À 24 ans, elle est la première à conduire à New York un orchestre de 65 musiciens. Avant même d’obtenir son master, elle fonde l’Orchestre philharmonique des Amériques pour promouvoir la musique mexicaine. Son premier enregistrement devient disque de platine en deux mois. Sa carrière commence. Dès lors, elle ne cessera de se faire connaître, de multiplier les succès, de prendre la direction d’ensembles musicaux parmi les plus prestigieux. En 2016, à Alfortville, non loin de Paris, avec l’Orchestre national d’Île-de-France, elle interprète Saint-Saëns, Ravel, et des compositeurs sud-américains. Son concert tient les promesses de l’affiche, celle d’un « feu latin » pétillant, enjoué. Elle n’est pas une inconnue en France, où déjà, elle a été remarquée à la tête des orchestres philharmoniques de Bordeaux, Toulouse, Lyon, et Paris. Elle revient alors d’un tour du monde. Déjà, elle a dirigé plus de 70 formations sur tous les continents.
Aujourd’hui, la cheffe d’orchestre américano-mexicaine est l’une des plus célèbres de sa génération, encensée par la critique qui loue sa parfaite maîtrise de la musique, son charisme, son imagination, et la liberté qu’elle laisse aux musiciens. De plus, elle attire un public jeune et diversifié qui régénère agréablement celui, plus conventionnel, parfois compassé, de la musique classique. Elle explique son choix de la direction par son besoin des autres, de confronter ses émotions et ses conceptions avec celles d’autres musiciens. « Pour perfectionner votre technique au piano, vous devez passer des heures seule dans une pièce. Moi, je préfère être avec les autres. Au défi de jouer avec les seules touches d’un instrument dont la réaction est prévisible, je préfère celui du travail avec les musiciens qui ont chacun leur personnalité », confie-t-elle.

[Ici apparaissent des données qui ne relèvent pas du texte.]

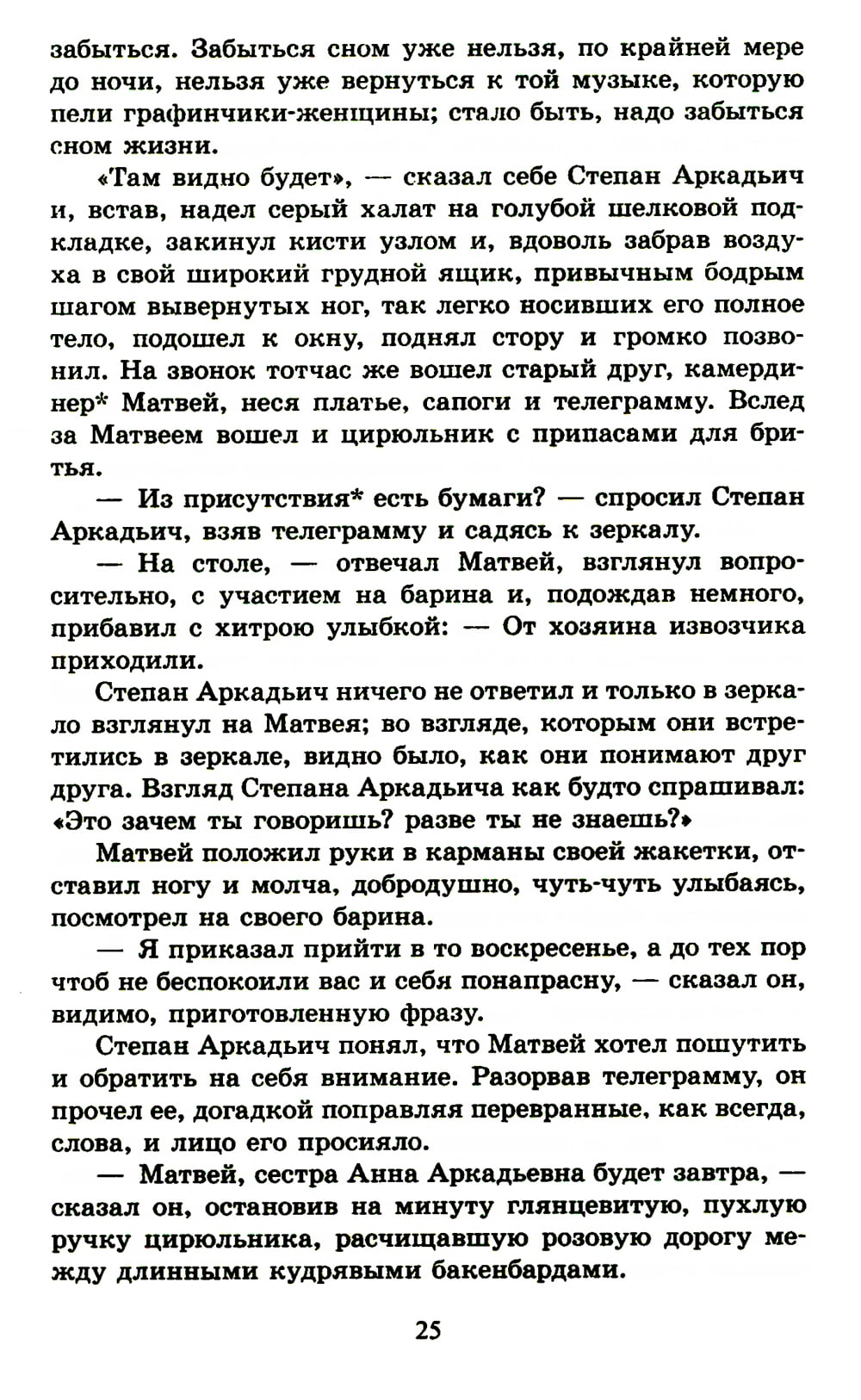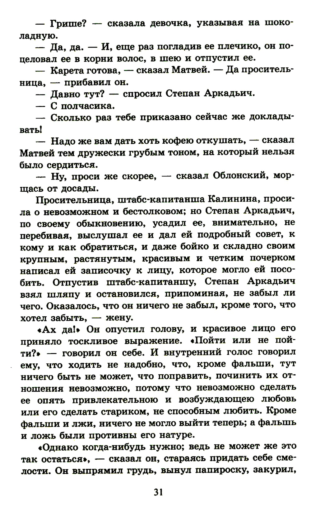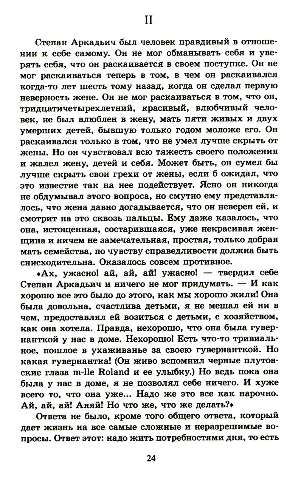 Роман Льва Николаевича Толстого (1828-1910) «Анна Каренина» - самая читаемая книга в мире. В ней со всеми подробностями показана российская действительность 1870-х годов: быт столиц и трудовая Россия; высшее общество и крестьянские дворы; устройство государства и законы того времени; науки и философия и многое другое. Это энциклопедия характеров и переживаний, это энциклопедический атлас психологии и мыслей. Это энциклопедия как в большом, так и в малом: тонкие движения души человеческой, самые мелкие детали - все поражает своей точностью. Это книга о вечных ценностях: о любви и прощении, о семье и вере. О смысле жизни. История замужней женщины, полюбившей молодого офицера и бросившей ради него мужа, была многократно экранизирована в России и за рубежом и до сих пор ставится на театральных сценах. В издание вошли части первая - четвертая романа. Для старшего школьного возраста.| Издательство | Детская и юношеская книга |

Ce goût de l’échange, à l’opposé de l’autoritarisme d’un Karajan, a sans doute été un des moteurs de sa carrière époustouflante. En 2024, elle est nommée cheffe d’orchestre et directrice artistique de l’Orchestre et Chœur de la Communauté de Madrid. Pendant la saison 2022-2023, elle dirige un cycle Brahms avec l’Orchestre symphonique de Munich, et conduit ceux de Milan, de la Radio suédoise, de la RAI, de la Suisse romande… Alondra de la Parra est régulièrement invitée par la Royal Opera House de Londres. Elle habite Berlin et anime l’émission « Musica Maestra » sur Deutsche Welle, la radio internationale allemande. Non seulement elle pratique brillamment son art, mais elle en est aussi en permanence l’ambassadrice. Son formidable parcours ne peut qu’enthousiasmer toutes celles qui, de plus en plus nombreuses, espèrent marcher sur ses traces.